Closed federkamm closed 4 years ago

federkamm commented 4 years ago

I like to "compile" the spv files to C header files using xxd -i which gives me something like

/* shader.spv.h */
alignas(4) const unsigned char shader_spv[] = {
    0x4a, 0x01, /* ... */, 0x55
};

with the content of the spv file as plain C array which will be stored in the read-only "code section" of the linked program. Unfortunatelly, it seems to be impossible to get that array into a vector<char> without unnecessary allocations and copying it unnecessarily around. For this reason, I added the uint32_t size, const uint32_t* code constructor to the Program class. I'm not sure, this is the best solution to the problem but it is the one I can offer as pull request.

The "correct" way would be probably to use a std::span instead of a std::vector but which is only available in C++20. Another possibility would be probably to allow the user to construct their own ShaderModule and pass it as parameter to the constructor of Program.
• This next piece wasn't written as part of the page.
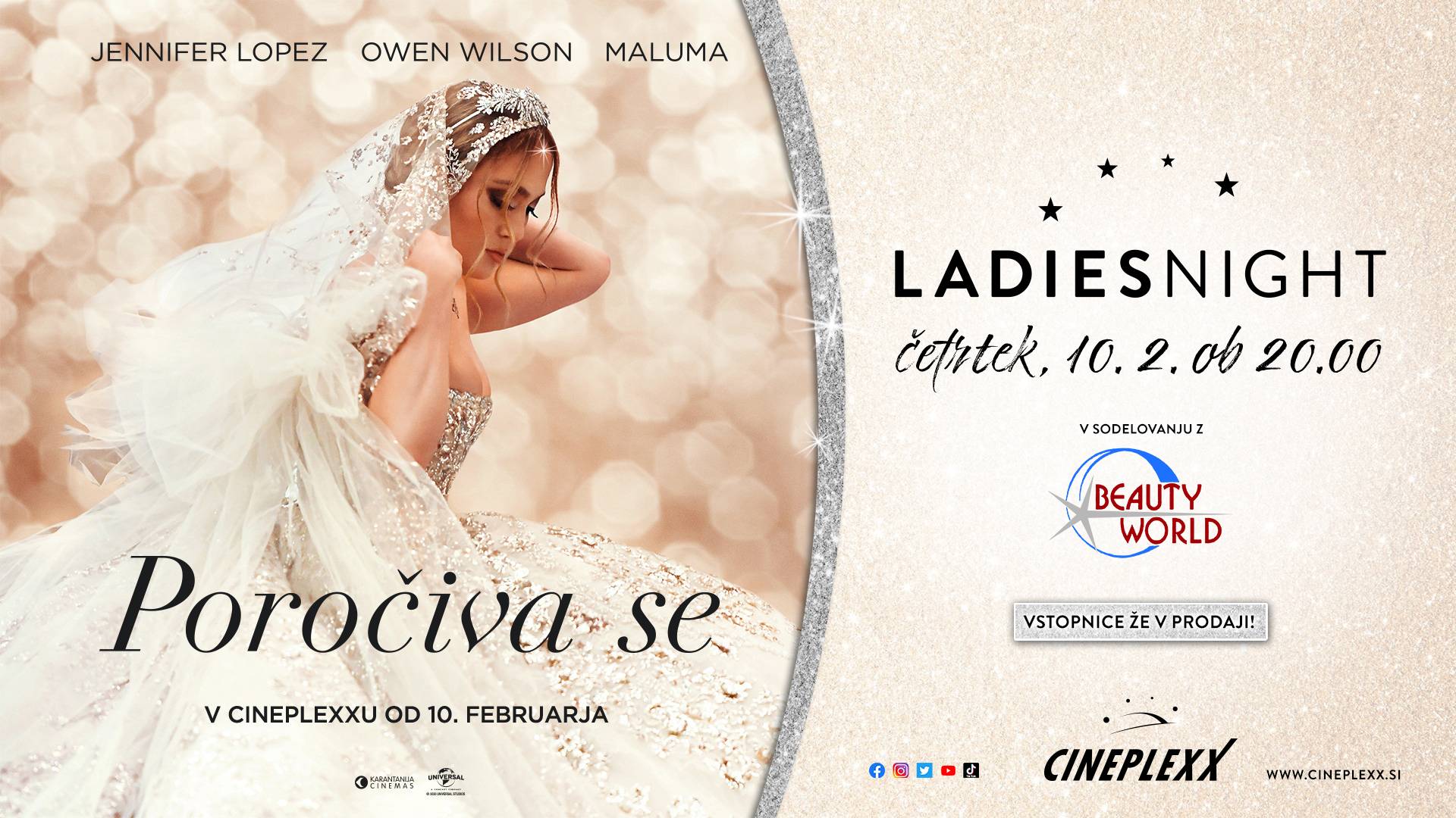 ❤ LADIES NIGHT POROČIVA SE ❤ v četrtek, 10. februarja ob 20:00 v Cineplexxu Murska Sobota.

Variations to the approach in this pull request would be to use a different data type for the size (e.g. int or size_t) and/or code (e.g. uint8_t or char). For no particular reason I used the types (uint32_t and const uint32_t*) suggested by Vulkan-API.

federkamm commented 4 years ago

I think, it is "the right thing" to stick with const uint32_t* for the code. To my understanding, passing a (unsigned) char array instead of an uint32_t array is somewhat tricky and can easily result in undefined behaviour because of the strict aliasing rule. It seems to be not allowed to access a (unsigned) char array with an uint32_t, whereas the opposite (to access an uint32_t array by a character type) seems to be allowed. Technically, Vulkan accesses the elements of the array and one doesn't know if it accesses it through an uint32_t or an character type, so it is probably out of the scope of the C(++) standard, but I wouldn't bet on that. I decided to "compile" my SPIR-V shader to header files with a Makefile rule

%.spr.h: %.spr
-->|    echo '#include <stdint.h>' >$@
-->|    echo 'const uint32_t $*_spv[] = {' >>$@
-->|    hexdump -ve '"  0x%08X,\n"' $< >>$@
-->|    echo '};' >>$@

and include a SPIR-V file shader.spr it in the source code using this pull request like

#include "shader.spr.h"
/* ... */
auto program = Program<Specs, Params>(device, sizeof shader_spr, shader_spr);

where shader.spv.h looks like

#include <stdint.h>
const uint32_t shader_spv[] = {
  0x07230203,
  /* ... */
  0x000100FD,
  0x00010038,
};

I'm quite confident that this doesn't cause UB, whereas I'm not that confident using my previous unsigned char array approach or the vector<char> API.

federkamm commented 4 years ago

Yes, it probably should be size_t instead of uint32_t. I also realized, I didn't add the interface to the last specialization of class Program (non-empty specialization constants and empty push constants). I'll probably provide a pull request regarding this two issues, but probably not before September.